--- WORK TO BE COMPLETED ---
Retype word for word the stretch of entries below from the line that has "Flooring is carefully" through the line that has "注意:每个 Bmob 帐户有", and omit the pictures.

--- DATASET RECORDS ---
-=-=-
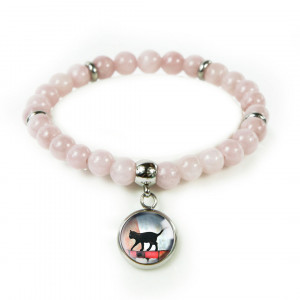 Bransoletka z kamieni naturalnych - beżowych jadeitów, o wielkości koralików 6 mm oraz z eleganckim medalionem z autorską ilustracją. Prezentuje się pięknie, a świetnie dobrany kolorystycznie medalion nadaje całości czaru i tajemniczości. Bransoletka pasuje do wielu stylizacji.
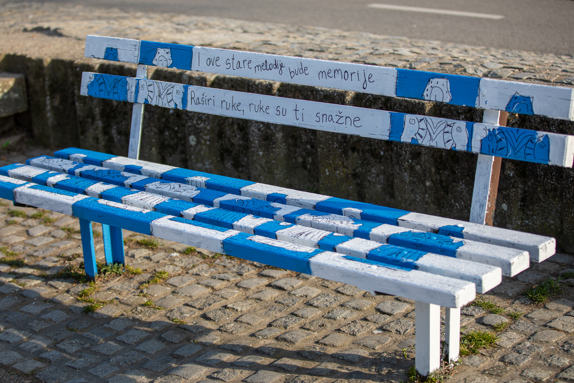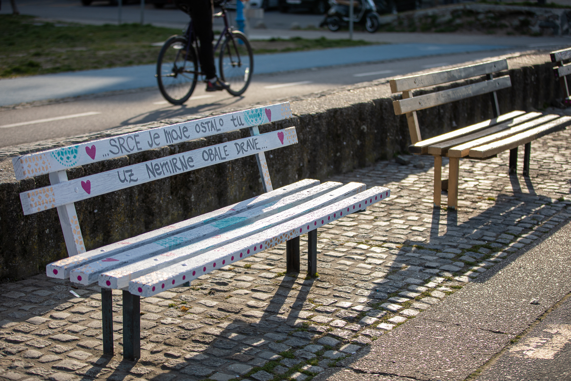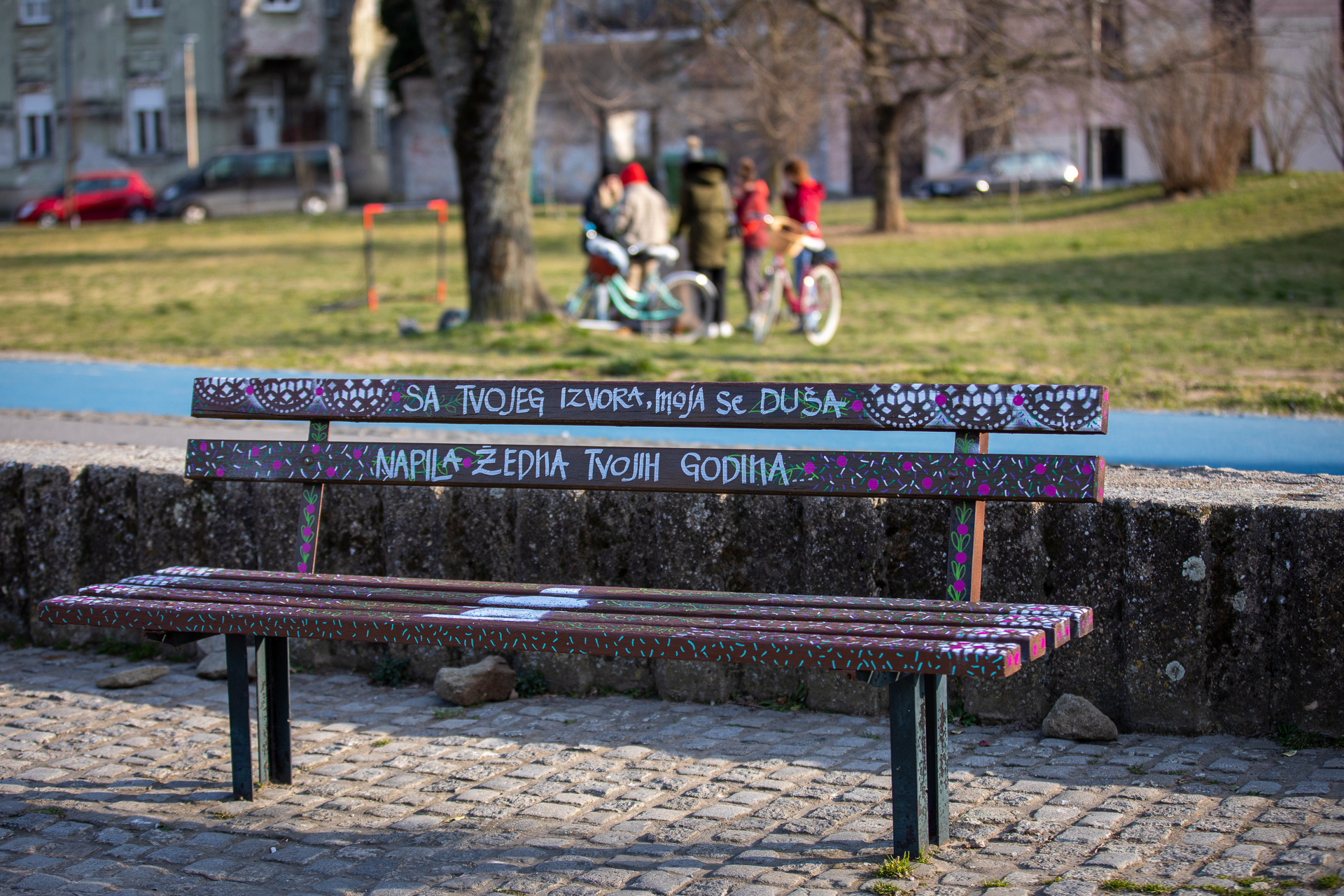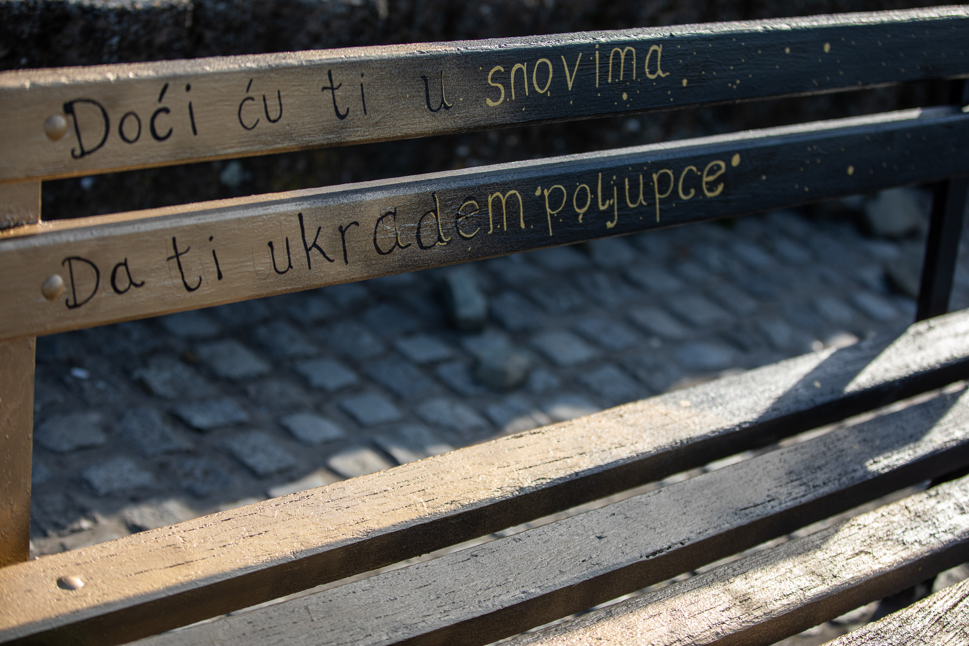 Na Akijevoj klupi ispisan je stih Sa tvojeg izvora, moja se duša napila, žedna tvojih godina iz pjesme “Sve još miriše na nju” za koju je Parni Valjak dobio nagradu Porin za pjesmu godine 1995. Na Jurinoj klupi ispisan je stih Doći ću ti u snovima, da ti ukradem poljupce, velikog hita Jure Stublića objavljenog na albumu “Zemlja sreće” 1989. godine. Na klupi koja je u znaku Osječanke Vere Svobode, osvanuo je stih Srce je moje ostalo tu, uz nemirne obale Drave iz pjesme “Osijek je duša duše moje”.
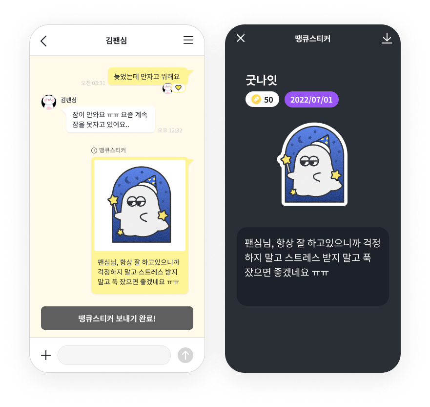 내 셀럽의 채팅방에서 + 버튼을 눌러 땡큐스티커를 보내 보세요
-=-=-
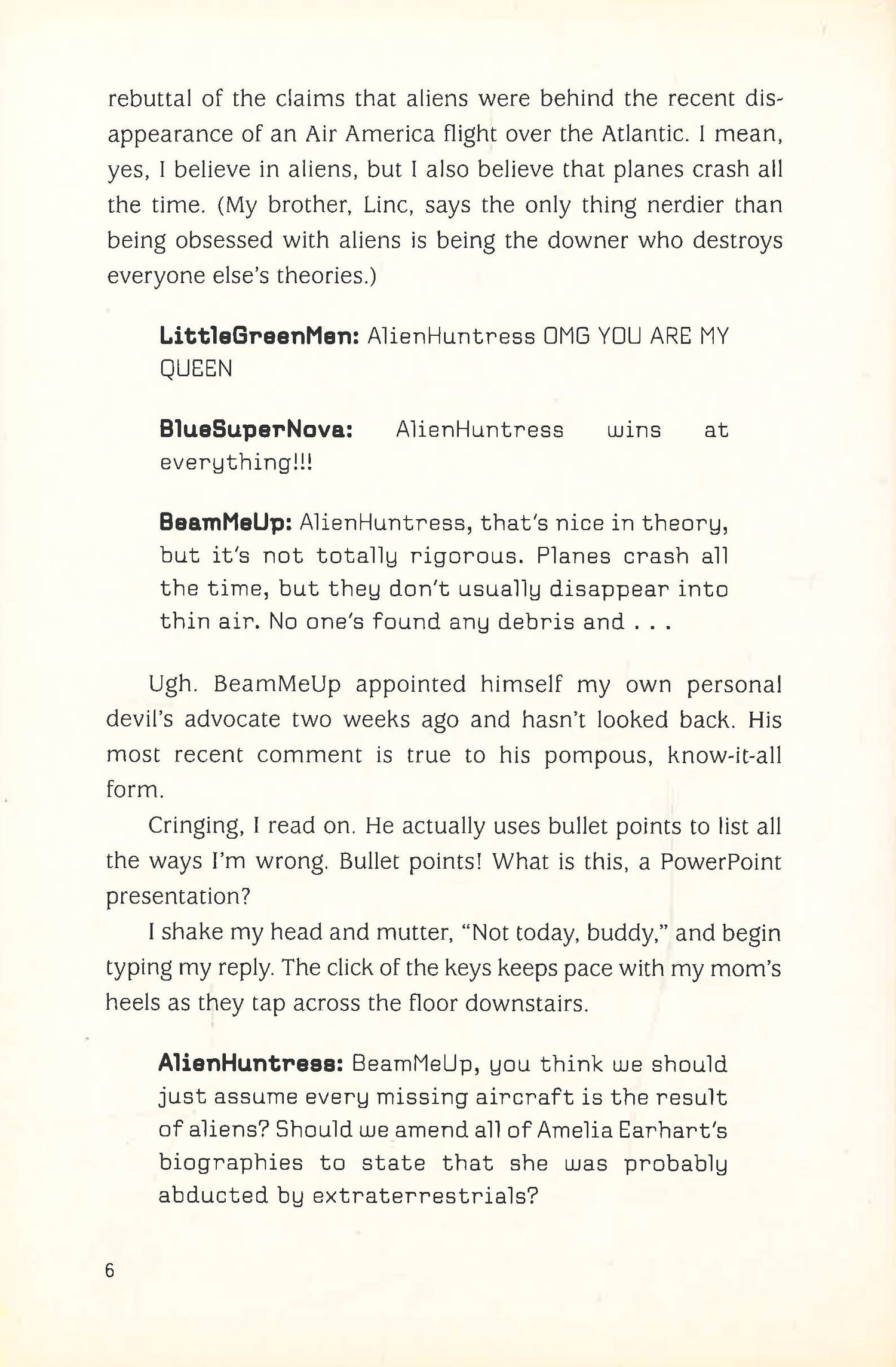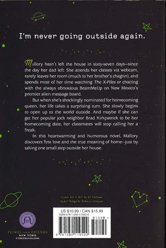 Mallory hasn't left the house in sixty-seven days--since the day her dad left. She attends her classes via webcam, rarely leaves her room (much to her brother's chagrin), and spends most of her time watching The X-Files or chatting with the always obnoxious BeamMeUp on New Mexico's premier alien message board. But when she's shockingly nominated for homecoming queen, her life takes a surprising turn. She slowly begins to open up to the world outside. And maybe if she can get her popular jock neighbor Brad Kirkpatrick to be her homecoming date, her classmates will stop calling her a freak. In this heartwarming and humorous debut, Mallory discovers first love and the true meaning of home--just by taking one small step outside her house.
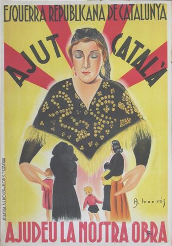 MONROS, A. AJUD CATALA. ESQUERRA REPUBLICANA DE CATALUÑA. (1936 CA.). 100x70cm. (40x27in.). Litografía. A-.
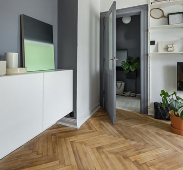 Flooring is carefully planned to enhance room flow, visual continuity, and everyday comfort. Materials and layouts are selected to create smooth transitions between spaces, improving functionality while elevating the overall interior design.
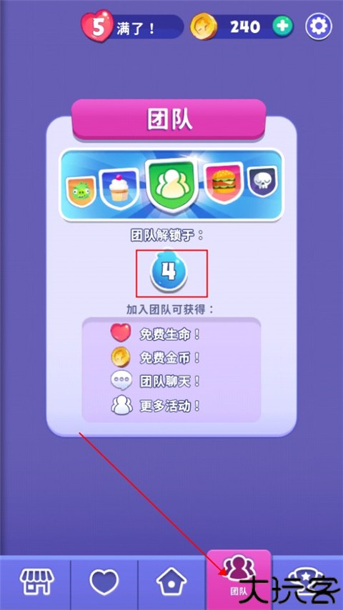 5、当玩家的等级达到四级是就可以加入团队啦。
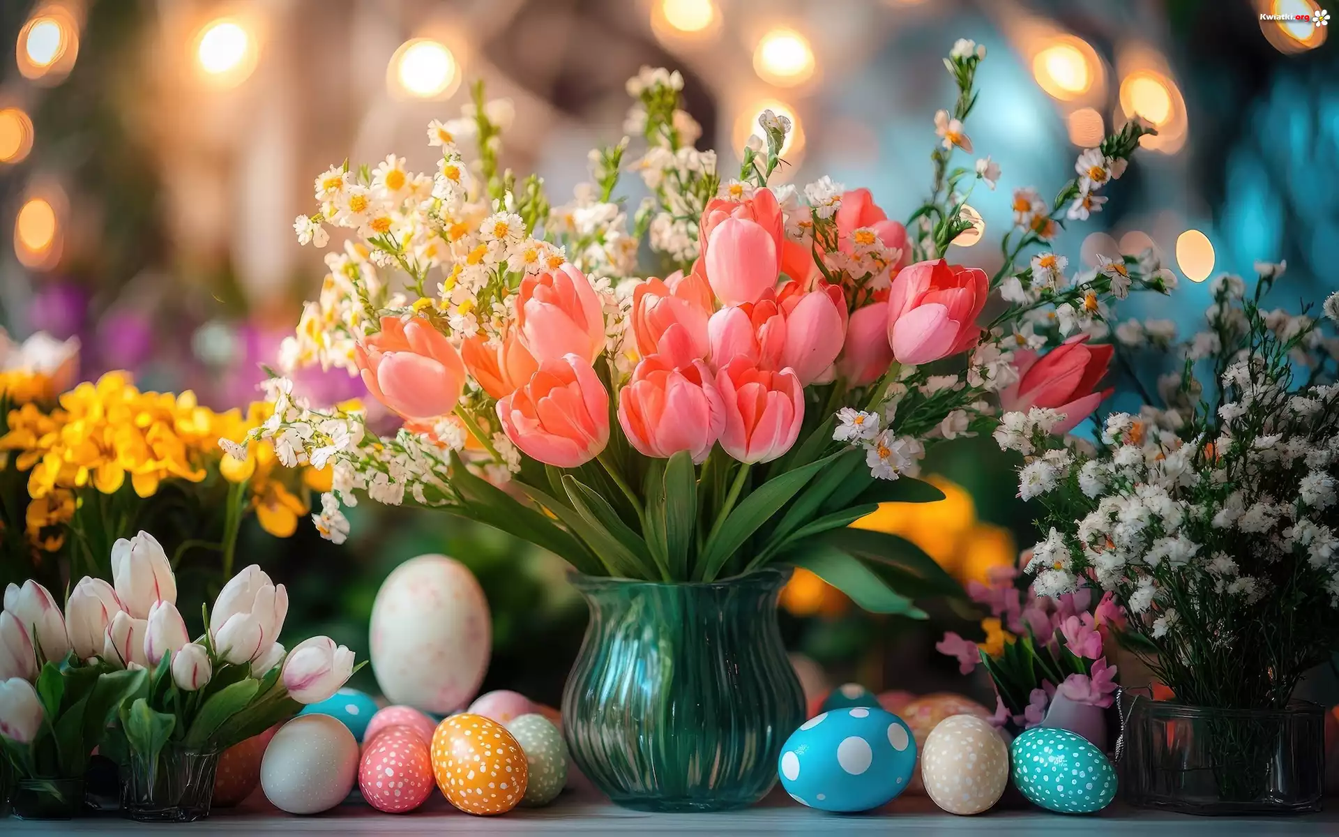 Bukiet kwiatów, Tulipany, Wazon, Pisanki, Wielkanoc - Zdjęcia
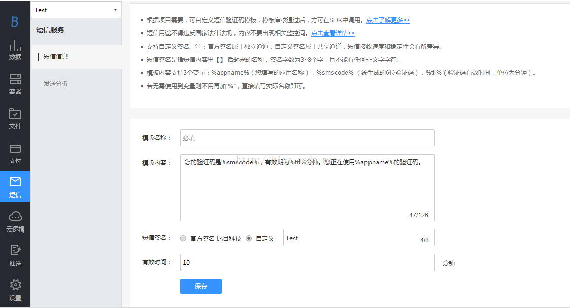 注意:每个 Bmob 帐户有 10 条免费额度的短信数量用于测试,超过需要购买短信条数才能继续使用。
-=-=-
--- OUTPUT FOR THIS TASK ---
 Flooring is carefully planned to enhance room flow, visual continuity, and everyday comfort. Materials and layouts are selected to create smooth transitions between spaces, improving functionality while elevating the overall interior design.
 5、当玩家的等级达到四级是就可以加入团队啦。
 Bukiet kwiatów, Tulipany, Wazon, Pisanki, Wielkanoc - Zdjęcia
 注意:每个 Bmob 帐户有 10 条免费额度的短信数量用于测试,超过需要购买短信条数才能继续使用。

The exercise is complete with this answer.